Of course, even a novice in economics knows that when companies are burdened with higher taxes, they transfer this burden to consumers, which invalidates Oyedele’s assurance that poor people and small businesses would be exempt from the impending VAT hike since inflation, which higher taxes on businesses will activate, is an ill wind that blows nobody any good.
But Oyedele thinks Nigerians are unthinking chumps. He said the government had extracted a commitment from businesses that they won’t jack up the prices of their goods and services in response to the increased tax obligation they will have to contend with. “We have spoken to businesses about it, and they won’t increase the product price,” he said. “We want to make sure when we do VAT reform, no one will increase the price of commodities. We will work the mathematics with the private sector.”
Why does he think Nigerians would be persuaded by his false assurances? When Tinubu announced the removal of petrol subsidies on May 29, 2023, and petrol marketers suddenly increased the pump price of petrol from less than 200 naira to more than 500 naira on old stock that was subsidized by the Nigerian taxpayer, the government didn’t intervene.

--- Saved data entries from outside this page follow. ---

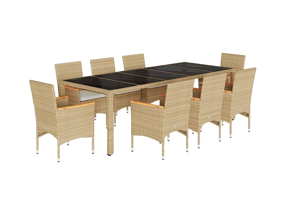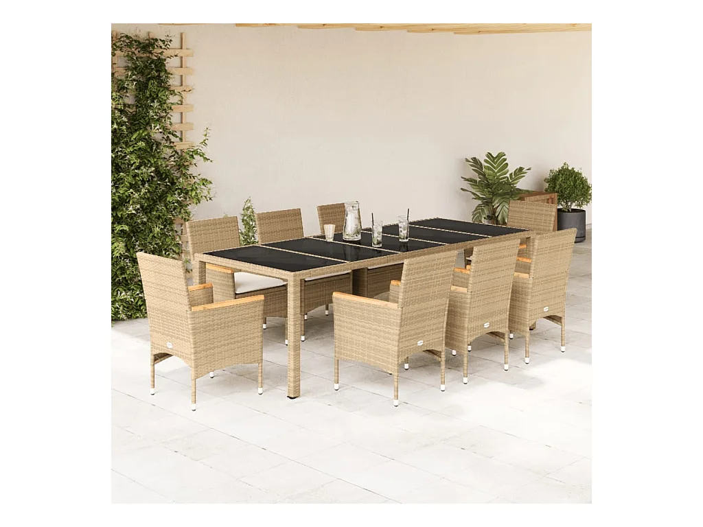 Ensemble à manger de jardin et coussins 9 pièces beige rotin verre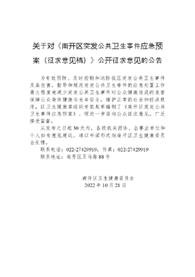 关于对《南开区突发公共卫生事件应急预案(征求意见稿)》公开征求意见的公告.docx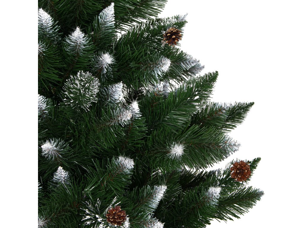 În plus: conuri naturale, efect mat pe ramuri (parte albă, sclipici alb)

It was the most nakedly immoral, government-sanctioned predation of the people that I have seen anywhere in the world. Why would a government that tolerated, even encouraged, that sort of rape of the people be trusted to persuade businesses not to increase the prices of their goods and services in response to increases in their tax liabilities?
In any case, we now know from a retrospective reading of Tinubu’s 2019 speech that his grand plan is to economically disempower the people, depress the economy, and tax people and businesses to death.
I am honestly at a loss what Tinubu hopes to gain from this other than to make the vast majority of the people so economically disaffiliated that they are vulnerable to manipulation, as I pointed out last week. But I hope he is aware that he is sowing the seeds for a spontaneous eruption of a disabling convulsion. There is a limit to what even the most docile humans can tolerate.
My genuine hope is that Tinubu and the people close to him understand that they are brewing the ingredients of a potentially all-consuming conflagration and beat a strategic retreat. It’s not late.